At some point many of us We dared to play with the governors In our system, this is done in order to obtain some performance improvements or for some particular purpose, such as workload, applications, games, etc.
This type of modifications, They are not usually included in general distributions And it is understandable why, since this translates into an increase or decrease (depending on the case) in the resources of our team.
I mention this, because recently a Google engineer has proposed modifying la default settings of the Linux kernel timer, raising its interruption rate from 250 Hz to 1000 Hz.
This change would imply a higher frequency in task switching and a reduction in the quantum of time in the task scheduler, whichand efficiency could be improved in certain scenarios. Currently, 250Hz is considered a balance between performance, latency, and power consumption.
Motivation for the proposal
Uno of the main arguments in favor of this change is the Performance optimization on devices with 120Hz displays, which are increasingly common in PCs and mobile devices. At the current 250Hz setting, the time quantization inaccuracy amounts to about half of the frame time, which impacts resource allocation efficiency.
Furthermore, it has been observed that the dynamic voltage and frequency scaling mechanism (DVFS) tends to adopt aggressive frequency selection strategies to avoid slowdowns. This can result in unnecessary power consumption when a task has already finished processing, but the processor continues to run at a higher frequency because its time quantum has not yet expired.
The increase of the frequency of task switching would allow:
- Improved efficiency in dynamic frequency management (DVFS).
- More precise allocation of task scheduler times.
- Increased frequency of updating CPU load statistics.
- Reduced waiting time for pending tasks.

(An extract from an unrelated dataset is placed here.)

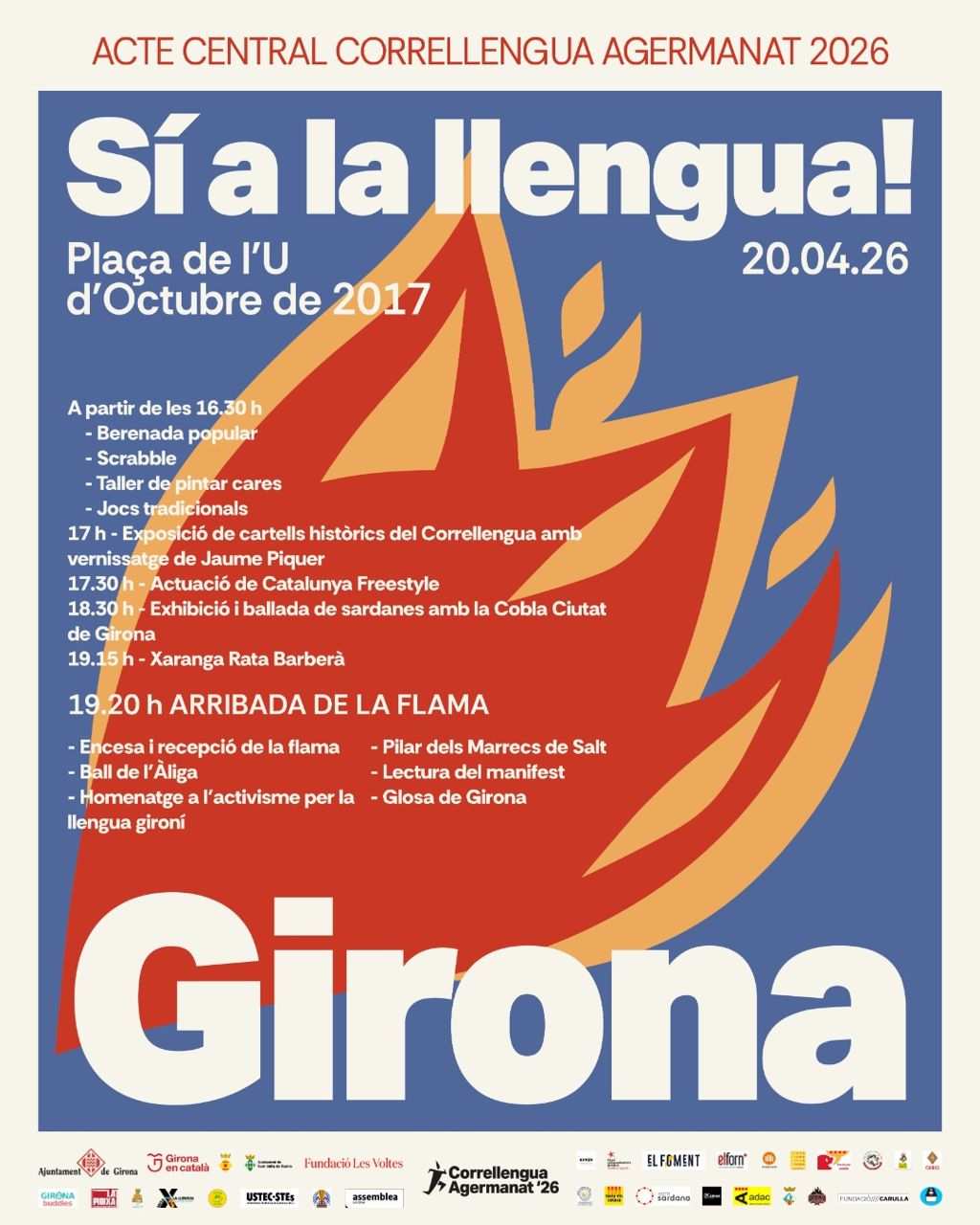 La plaça de l’U d’Octubre del 2017 acollirà dilluns vinent, dia 20 d’abril, l’acte central de Correllengua Agermanat a les comarques gironines. A partir de les 16.30 h, s’han previst diverses activitats familiars, musicals i tradicionals per amenitzar la jornada. L’Ajuntament de Girona, juntament amb altres entitats i organismes, col·labora amb l’esdeveniment.

- Arguments against the amendment
For its part, Another Google engineer expressed his disagreement with the change, arguing that Keeping the timer frequency at 250 Hz is most beneficial for low-power devices, such as IoT boards and mobile devices.
Based on your assessment, Increasing the frequency to 1000 Hz could cause an increase in power consumption. On Android devices, for example, an increase of up to 7% in processor consumption has been observed in certain situations.
Furthermore, A higher timer frequency would imply a more frequent reactivation CPU. At 250 Hz, timers scheduled at t+1 ms, t+2 ms, t+3 ms, and t+4 ms are grouped into a single wakeup, while at 1000 Hz there would be four individual wakeups, which could increase power consumption.
Performance test results
About the case, the portal Phoronix conducted a series of tests on a PC with an AMD Ryzen 9 9950X CPU to evaluate the impact of the frequency change. The results were mixed:
- MBetter performance with 1000 Hz in:
Call.cpp
Super Tux Kart
S
Kernel compilation times - Best performance at 250Hz on:
Darktable
PostgreSQL
Unvanquished
xonotic
Blender
SVT-AV1
RawTherapee
As to energy consumption, the results were the following:
- Setting at 1000 Hz:
Average consumption: 144,2 W
Minimum consumption: 0,18 W
Maximum consumption: 202,13 W - Setting at 250 Hz:
Average consumption: 144,37 W
Minimum consumption: 0,07 W
Maximum consumption: 202 W
Finally, it is worth mentioning that increasing the kernel timer interrupt rate to 1000 Hz offers advantages in certain use cases, especially in applications that require more frequent task switching and on devices with high refresh rate displays. However, it also presents disadvantages in terms of power consumption, particularly on low-power devices and environments where energy efficiency is a priority.
For the moment, The proposal is still under debate within the community and its adoption will depend on a deeper analysis of the impacts in different usage scenarios.